# CLAUDE.md
This file provides guidance to Claude Code (claude.ai/code) when working with code in this repository.
## Project Overview
This is a **Model Context Protocol (MCP) server** for managing PostgreSQL clusters using the CloudNativePG operator in Kubernetes. It provides a bridge between LLMs and CloudNativePG resources, enabling natural language interaction with PostgreSQL cluster lifecycle management.
**Key characteristics:**
- Python-based MCP server using **FastMCP** (simplified MCP SDK with auto-schema generation)
- Kubernetes client interacting with CloudNativePG Custom Resources (CRDs)

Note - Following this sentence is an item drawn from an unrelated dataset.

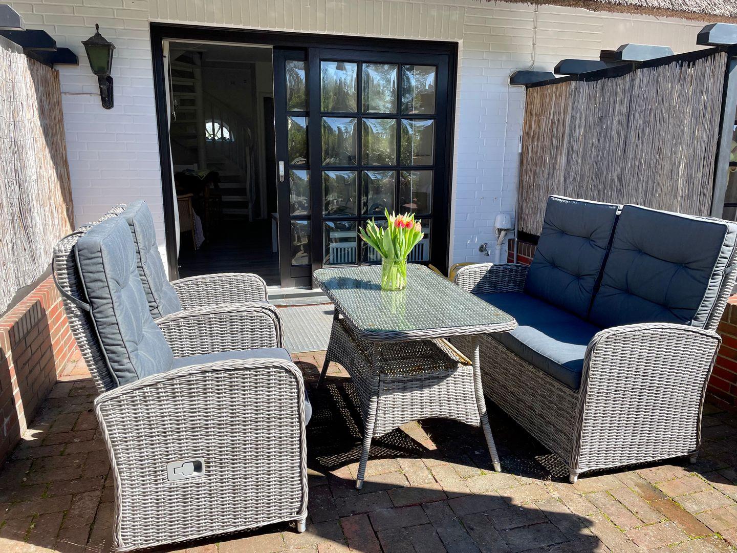 Zum Hausteil Robin Hood gehört eine schöne Terrasse, welche vom Wohnraum der Unterkunft begangen werden kann. Eingefriedet durch eine begrünte Natursteinmauer können Sie hier auf den vorhandenen Gartenmöbeln herrlich entspannen. Die Sitzgruppe mit Tische bietet zudem die Möglichkeit bei gutem Wetter das Urlaubsfrühstück ins Freie zu verlegen.

- Designed for transport-agnostic architecture (stdio for local, HTTP/SSE for remote)
- **OIDC/OAuth2 authentication** for HTTP mode with JWT bearer token verification
- **DCR proxy support** for IdPs without Dynamic Client Registration
- All operations are async using Python asyncio
## Development Commands
### Running the Server
```bash
# Default stdio transport (for Claude Desktop integration)
python src/cnpg_mcp_server.py
# With specific transport mode
python src/cnpg_mcp_server.py --transport stdio
# HTTP transport with OIDC authentication (recommended for production)
# Requires OIDC_ISSUER and OIDC_AUDIENCE environment variables
export OIDC_ISSUER=https://auth.example.com
export OIDC_AUDIENCE=mcp-api
python src/cnpg_mcp_server.py --transport http --port 3000
# Or use the convenience script
./test/start-http.sh
```
### Testing
```bash
# Syntax check
python -m py_compile src/cnpg_mcp_server.py
# Test Kubernetes connectivity
kubectl get nodes
kubectl get clusters -A # List CloudNativePG clusters
# Deploy test cluster
kubectl apply -f example-cluster.yaml
# Check cluster status
kubectl get cluster example-cluster -w
```
### Dependencies
```bash
# Install all dependencies (includes HTTP/SSE and OIDC auth)
pip install -r requirements.txt
# Dependencies now include:
# - FastMCP (MCP server framework)
# - Kubernetes client
# - Uvicorn (ASGI server for HTTP mode)
# - Starlette (ASGI framework for middleware)
# - Authlib (OIDC/JWT verification)
# - httpx (async HTTP client for JWKS fetching)
```
### RBAC Setup
**Important:** CloudNativePG helm chart automatically creates ClusterRoles. You only need to create ServiceAccount + RoleBindings.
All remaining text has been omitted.